» EXERCISE AIM
What you produce should be an exact transcription of the data, minus any pictures.

Start of COLLECTED DATA

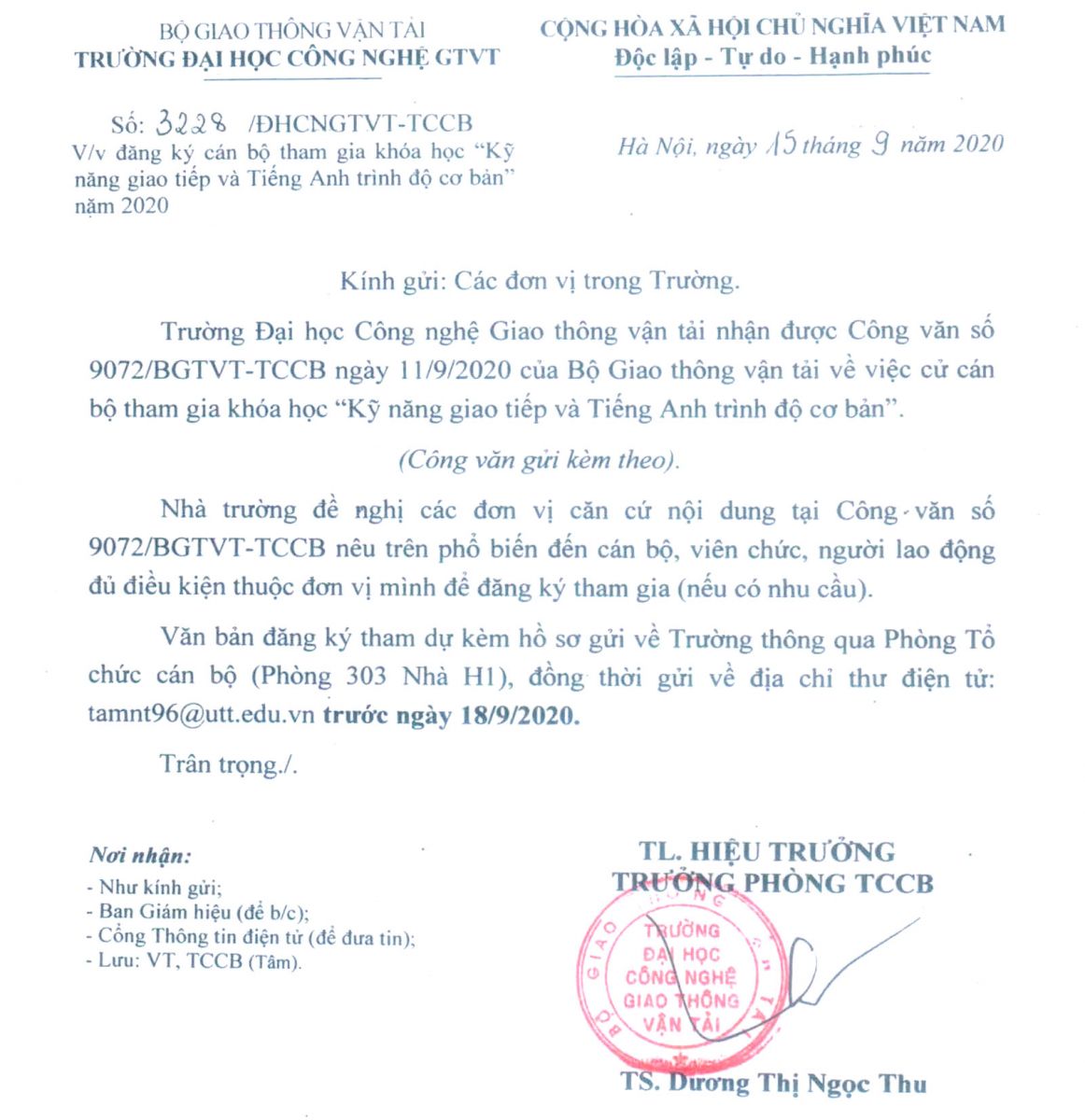 Thông báo đăng ký cán bộ tham gia khóa học Kỹ năng giao tiếp và Tiếng Anh trình độ cơ bản năm 2020 16/09/2020 04:09 File đính kèm 3228---HCNGTVT-TCCB.pdf
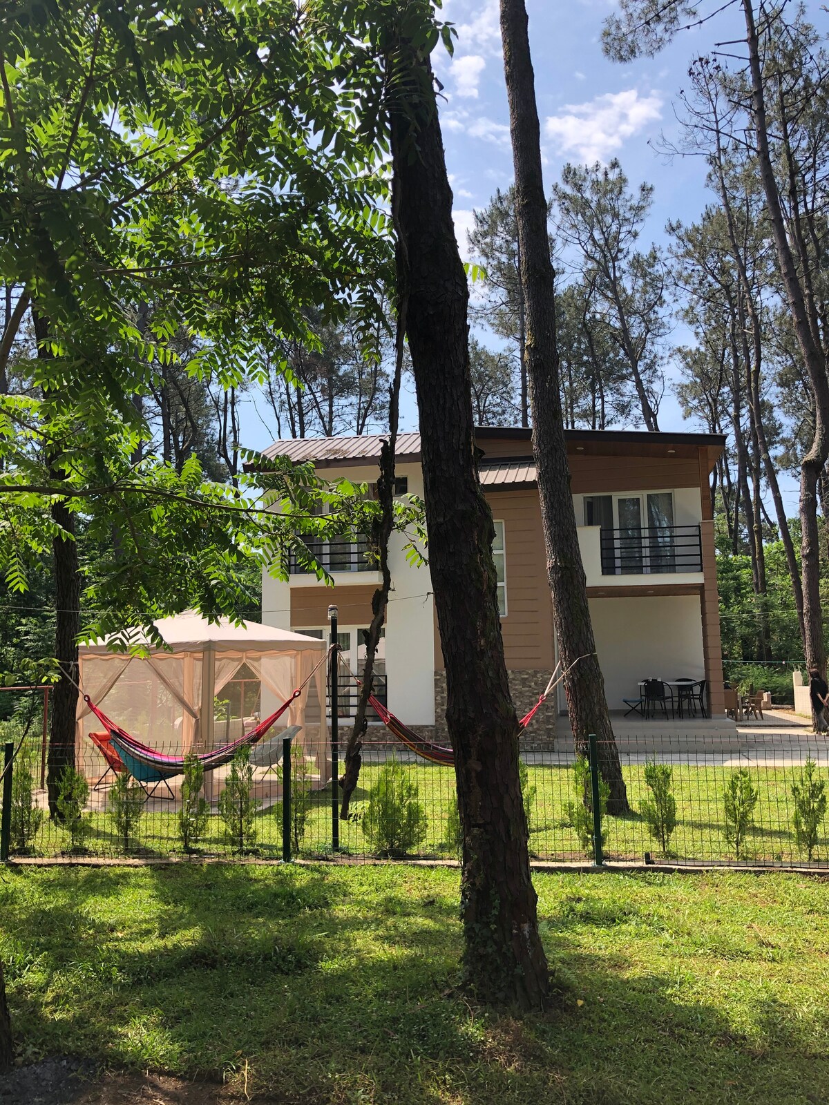 Check in and relax in this calm, stylish space, where the interior nicely blends with the trees and the sea. This place is ideally located at the intersection of the main and the secondary roads, just a perfect match of the serenity and access to the nearby shops and the central highway. There are three dendrological parks at a walking distance and a 5-star Paragraph hotel to spend a day in water park or a have an evening drink. The sea is exceptionally calm in this area and 5-7 minutes away.
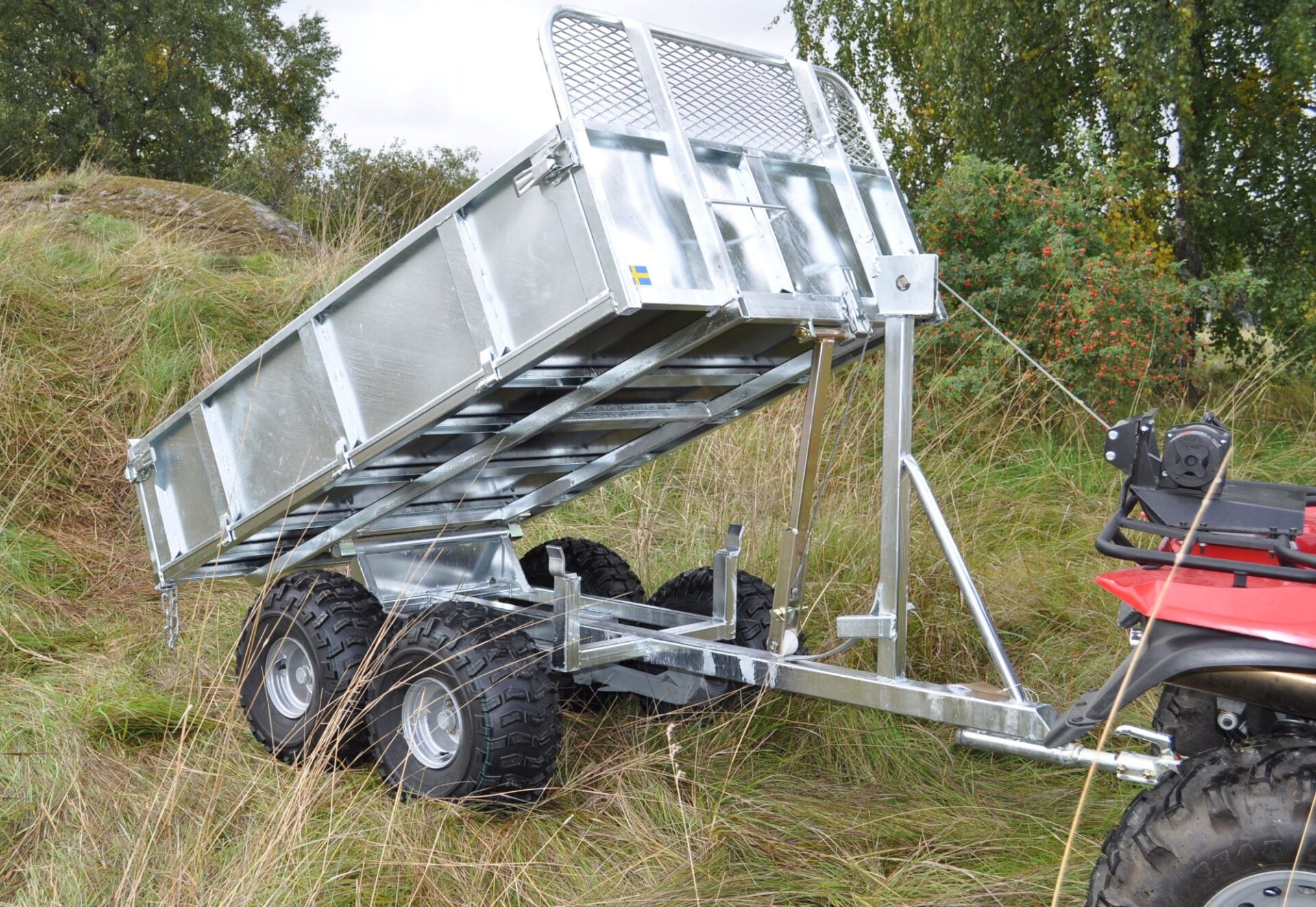 Tippkärran lämpar sig utmärkt för arbete i exempelvis parker, trädgårdar och områden med dålig bärighet, men fungerar även mycket bra vid utfodring. Tippfunktionen manövreras genom att koppla en bakmonterad vinsch på fyrhjulingen till kärran, vilket ger en enkel och pålitlig lösning utan behov av separat hydraulik.

End of COLLECTED DATA

» SOLUTION BELOW
 Thông báo đăng ký cán bộ tham gia khóa học Kỹ năng giao tiếp và Tiếng Anh trình độ cơ bản năm 2020 16/09/2020 04:09 File đính kèm 3228---HCNGTVT-TCCB.pdf
 Check in and relax in this calm, stylish space, where the interior nicely blends with the trees and the sea. This place is ideally located at the intersection of the main and the secondary roads, just a perfect match of the serenity and access to the nearby shops and the central highway. There are three dendrological parks at a walking distance and a 5-star Paragraph hotel to spend a day in water park or a have an evening drink. The sea is exceptionally calm in this area and 5-7 minutes away.
 Tippkärran lämpar sig utmärkt för arbete i exempelvis parker, trädgårdar och områden med dålig bärighet, men fungerar även mycket bra vid utfodring. Tippfunktionen manövreras genom att koppla en bakmonterad vinsch på fyrhjulingen till kärran, vilket ger en enkel och pålitlig lösning utan behov av separat hydraulik.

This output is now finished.